__Task goal__
Repeat every entry exactly as it stands. Omit the images.

Stored dataset items:
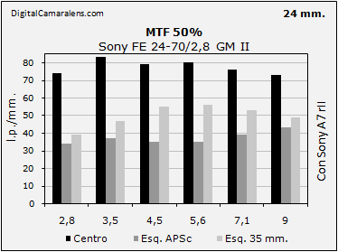 las focales ya que en 24 mm., la focal más crítica en estos zooms, le ha
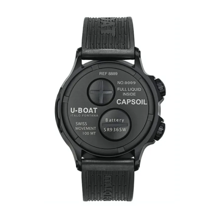 Introducing the Men's Watch U-Boat U8889/A Black, a sleek and sophisticated timepiece that is sure to turn heads. The black natural rubber bracelet provides a comfortable fit for everyday wear, while the quartz movement ensures precise timekeeping.
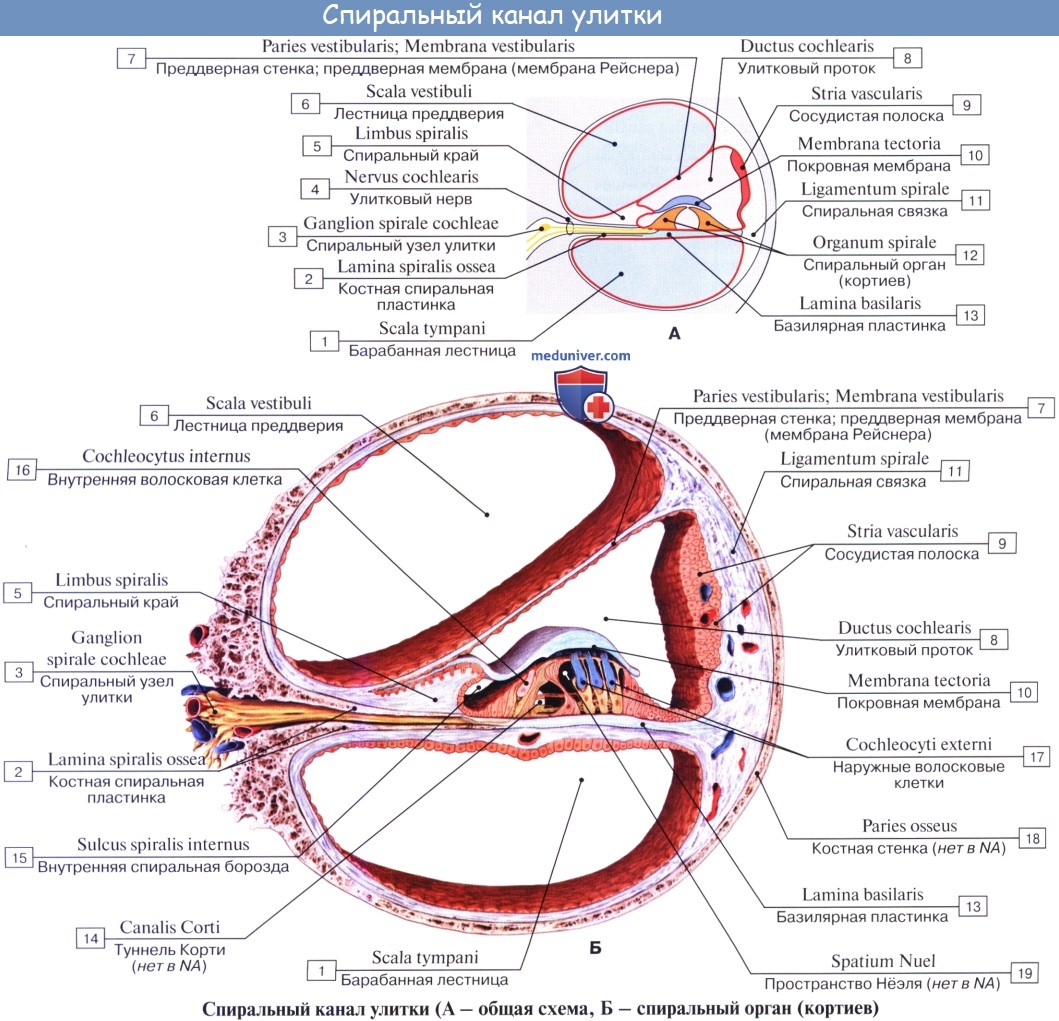 Membrana spiralis на заложенной в ней базилярной пластинке, lamina basilaris, несет аппарат, воспринимающий звуки, — спиральный орган. При посредстве ductus cochlearis scala vestibuli и scala tympani отделяются друг от друга, за исключением места в куполе улитки, где между ними имеется сообщение, называемое отверстием улитки, helicotrema.
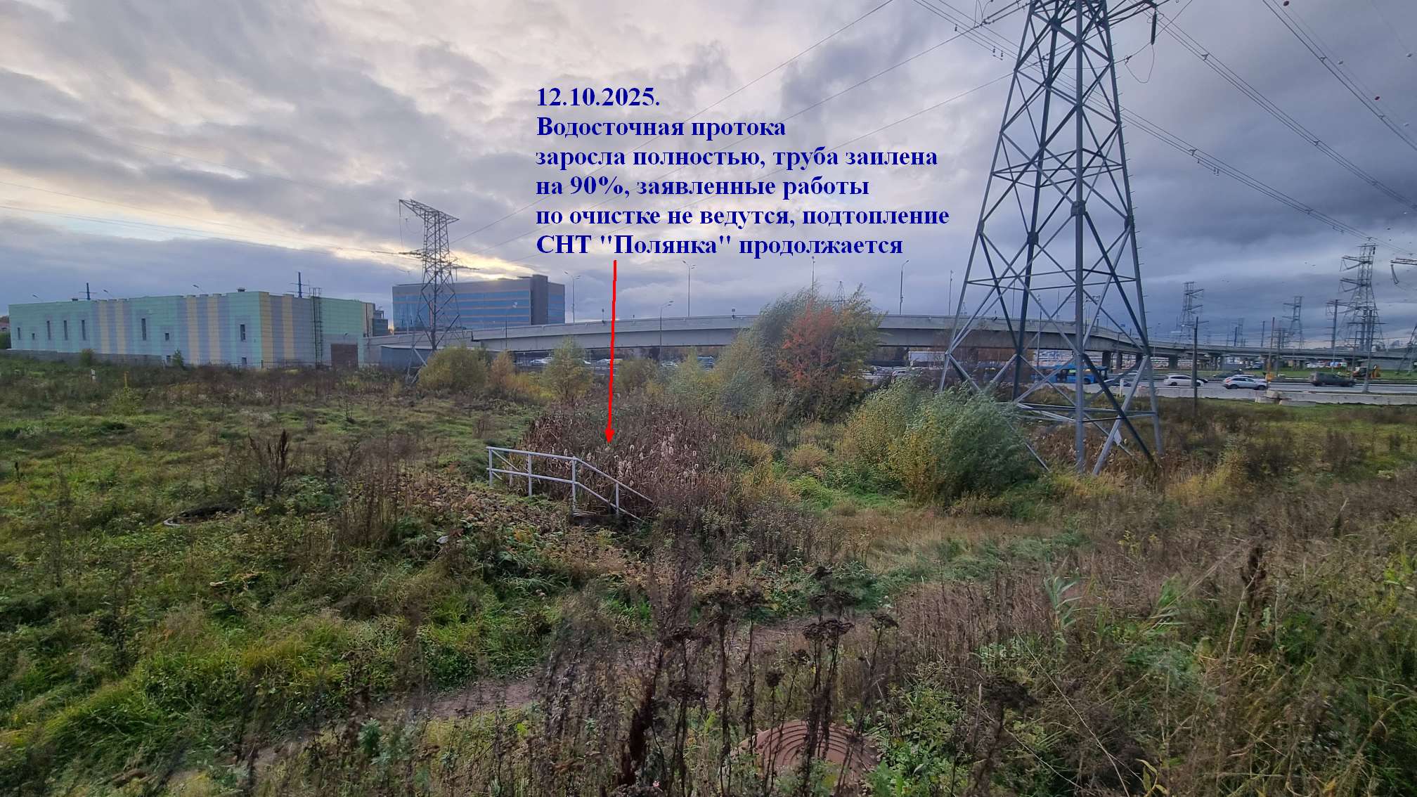 Несмотря на что в ноябре 2025 г протоку частично очистили, это не привело к снижению уровня на территории СНТ Полянка, т.к. прочистка внутри трубы не произведена. Также протока расчищена не полностью, уровень наносов на выходе из трубы остается более полуметра.
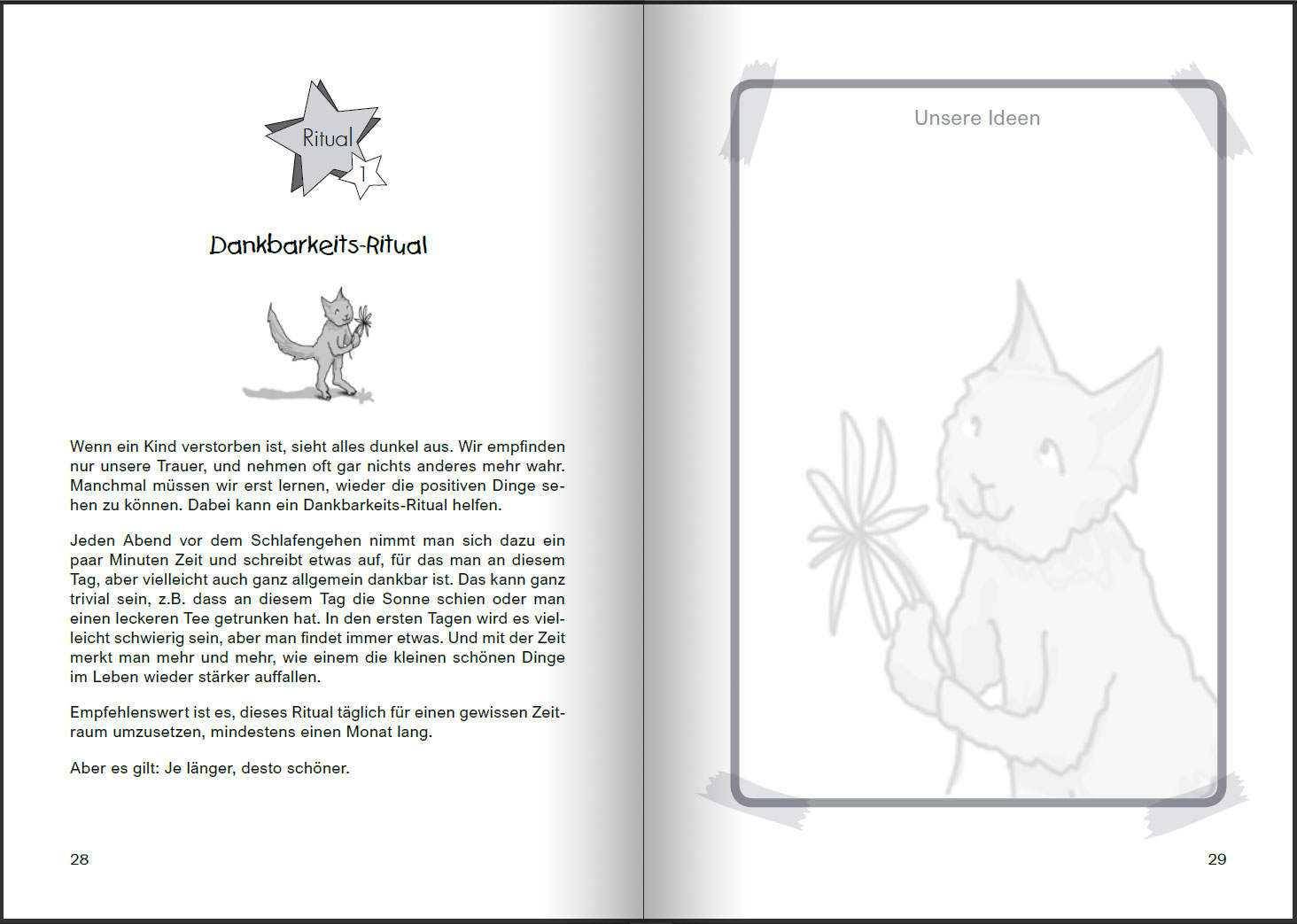 Textauszug Rituale Wenn ein Kind verstirbt, lässt uns das fassungslos und oft auch hilflos zurück. All das, was vorher Alltag war, besteht nicht mehr. Alles ist neu, jeder Atemzug und jeder Schritt muss neu erlernt werden. Wir müssen lernen, mit unserer Trauer und unserem Schmerz zu leben. Gerade wenn eine schwere Krankheit die Ursache war, haben wir mit ansehen müssen, wie unser geliebtes Kind langsam von uns geht. Haben Hilflosigkeit erleben müssen. Angst. Verzweiflung. Oft bleiben Selbstvorwürfe zurück. Und eine unendliche Menge an Fragen. Aber es gibt Wege, diese Fragen loszulassen, die Vorwürfe zum Verstummen zu bringen. Es gibt Wege, das Leben in diesem „neuen Normal“ leichter zu ertragen und wieder zu sich selbst zu finden: mit Ritualen. *** Ritual 1: Dankbarkeits-Ritual Wenn ein Kind verstorben ist, sieht alles dunkel aus. Wir empfinden nur unsere Trauer, und nehmen oft gar nichts anderes mehr wahr. Manchmal müssen wir erst lernen, wieder die positiven Dinge sehen zu können. Dabei kann ein Dankbarkeits-Ritual helfen. Jeden Abend vor dem Schlafengehen nimmt man sich dazu ein paar Minuten Zeit und schreibt etwas auf, für das man an diesem Tag, aber vielleicht auch ganz allgemein dankbar ist. Das kann ganz trivial sein, z.B. dass an diesem Tag die Sonne schien oder man einen leckeren Tee getrunken hat. In den ersten Tagen wird es vielleicht schwierig sein, aber man findet immer etwas. Und mit der Zeit merkt man mehr und mehr, wie einem die kleinen schönen Dinge im Leben wieder stärker auffallen. Empfehlenswert ist es, dieses Ritual täglich für einen gewissen Zeitraum umzusetzen, mindestens einen Monat lang. Aber es gilt: Je länger, desto schöner. Unsere Ideen: … *** Ritual 2: Ritual des Topfes voller Glück Dieses Ritual schließt sich an das Dankbarkeits-Ritual an. Jedes Mal, wenn einem etwas besonders Schönes passiert, nimmt man sich einen kleinen Zettel und notiert das Positive. Man faltet ihn zusammen und steckt ihn in ein Gefäß. Das kann schön gestaltet sein oder aber ganz einfach. Am Ende des Jahres, vielleicht an Weihnachten, vielleicht an Silvester, nimmt man sich diesen Topf voller Glück und öffnet ihn mit der ganzen Familie (oder auch nur für sich selbst). Dieses Ritual schenkt einen positiven Jahresrückblick und kann vielleicht Vorfreude auf das nächste Jahr machen. Unsere Ideen: … *** Ritual 3: Ritual der brennenden Kerzen Manchen Familien hilft es, jeden Abend eine Kerze für das fehlende Kind anzuzünden. Beispielsweise beim Abendessen, als Symbol dafür, dass das verstorbene Kind trotzdem dabei ist. Zusätzlich kann es schön sein, zu besonderen Anlässen, die der Familie wichtig sind, eine große Kerze den ganzen Tag über brennen zu lassen, sodass das Kind symbolisch bei diesem wichtigen Ereignis mit dabei ist. Diese großen Kerzen kann man, wenn man mag, vorher gemeinsam mit farbigem Wachs gestalten, zum Beispiel mit dem Namen des Kindes, Bildern von Dingen, die es gern mochte, oder durch die sich die Familie an das Kind erinnert fühlt. Unsere Ideen: … *** Ritual 4: Ritual der positiven Gedanken Ritual 5: Ritual der Feier des Lebens Ritual 6: Ritual der Bilder Ritual 7: Ritual des Loslassens Ritual 8: Ritual der Briefe Ritual 9: Ritual des Verschließens Ritual 10: Ritual des Helfens Ritual 11: Ritual der Reise um die Welt

__Written response__
 las focales ya que en 24 mm., la focal más crítica en estos zooms, le ha
 Introducing the Men's Watch U-Boat U8889/A Black, a sleek and sophisticated timepiece that is sure to turn heads. The black natural rubber bracelet provides a comfortable fit for everyday wear, while the quartz movement ensures precise timekeeping.
 Membrana spiralis на заложенной в ней базилярной пластинке, lamina basilaris, несет аппарат, воспринимающий звуки, — спиральный орган. При посредстве ductus cochlearis scala vestibuli и scala tympani отделяются друг от друга, за исключением места в куполе улитки, где между ними имеется сообщение, называемое отверстием улитки, helicotrema.
 Несмотря на что в ноябре 2025 г протоку частично очистили, это не привело к снижению уровня на территории СНТ Полянка, т.к. прочистка внутри трубы не произведена. Также протока расчищена не полностью, уровень наносов на выходе из трубы остается более полуметра.
 Textauszug Rituale Wenn ein Kind verstirbt, lässt uns das fassungslos und oft auch hilflos zurück. All das, was vorher Alltag war, besteht nicht mehr. Alles ist neu, jeder Atemzug und jeder Schritt muss neu erlernt werden. Wir müssen lernen, mit unserer Trauer und unserem Schmerz zu leben. Gerade wenn eine schwere Krankheit die Ursache war, haben wir mit ansehen müssen, wie unser geliebtes Kind langsam von uns geht. Haben Hilflosigkeit erleben müssen. Angst. Verzweiflung. Oft bleiben Selbstvorwürfe zurück. Und eine unendliche Menge an Fragen. Aber es gibt Wege, diese Fragen loszulassen, die Vorwürfe zum Verstummen zu bringen. Es gibt Wege, das Leben in diesem „neuen Normal“ leichter zu ertragen und wieder zu sich selbst zu finden: mit Ritualen. *** Ritual 1: Dankbarkeits-Ritual Wenn ein Kind verstorben ist, sieht alles dunkel aus. Wir empfinden nur unsere Trauer, und nehmen oft gar nichts anderes mehr wahr. Manchmal müssen wir erst lernen, wieder die positiven Dinge sehen zu können. Dabei kann ein Dankbarkeits-Ritual helfen. Jeden Abend vor dem Schlafengehen nimmt man sich dazu ein paar Minuten Zeit und schreibt etwas auf, für das man an diesem Tag, aber vielleicht auch ganz allgemein dankbar ist. Das kann ganz trivial sein, z.B. dass an diesem Tag die Sonne schien oder man einen leckeren Tee getrunken hat. In den ersten Tagen wird es vielleicht schwierig sein, aber man findet immer etwas. Und mit der Zeit merkt man mehr und mehr, wie einem die kleinen schönen Dinge im Leben wieder stärker auffallen. Empfehlenswert ist es, dieses Ritual täglich für einen gewissen Zeitraum umzusetzen, mindestens einen Monat lang. Aber es gilt: Je länger, desto schöner. Unsere Ideen: … *** Ritual 2: Ritual des Topfes voller Glück Dieses Ritual schließt sich an das Dankbarkeits-Ritual an. Jedes Mal, wenn einem etwas besonders Schönes passiert, nimmt man sich einen kleinen Zettel und notiert das Positive. Man faltet ihn zusammen und steckt ihn in ein Gefäß. Das kann schön gestaltet sein oder aber ganz einfach. Am Ende des Jahres, vielleicht an Weihnachten, vielleicht an Silvester, nimmt man sich diesen Topf voller Glück und öffnet ihn mit der ganzen Familie (oder auch nur für sich selbst). Dieses Ritual schenkt einen positiven Jahresrückblick und kann vielleicht Vorfreude auf das nächste Jahr machen. Unsere Ideen: … *** Ritual 3: Ritual der brennenden Kerzen Manchen Familien hilft es, jeden Abend eine Kerze für das fehlende Kind anzuzünden. Beispielsweise beim Abendessen, als Symbol dafür, dass das verstorbene Kind trotzdem dabei ist. Zusätzlich kann es schön sein, zu besonderen Anlässen, die der Familie wichtig sind, eine große Kerze den ganzen Tag über brennen zu lassen, sodass das Kind symbolisch bei diesem wichtigen Ereignis mit dabei ist. Diese großen Kerzen kann man, wenn man mag, vorher gemeinsam mit farbigem Wachs gestalten, zum Beispiel mit dem Namen des Kindes, Bildern von Dingen, die es gern mochte, oder durch die sich die Familie an das Kind erinnert fühlt. Unsere Ideen: … *** Ritual 4: Ritual der positiven Gedanken Ritual 5: Ritual der Feier des Lebens Ritual 6: Ritual der Bilder Ritual 7: Ritual des Loslassens Ritual 8: Ritual der Briefe Ritual 9: Ritual des Verschließens Ritual 10: Ritual des Helfens Ritual 11: Ritual der Reise um die Welt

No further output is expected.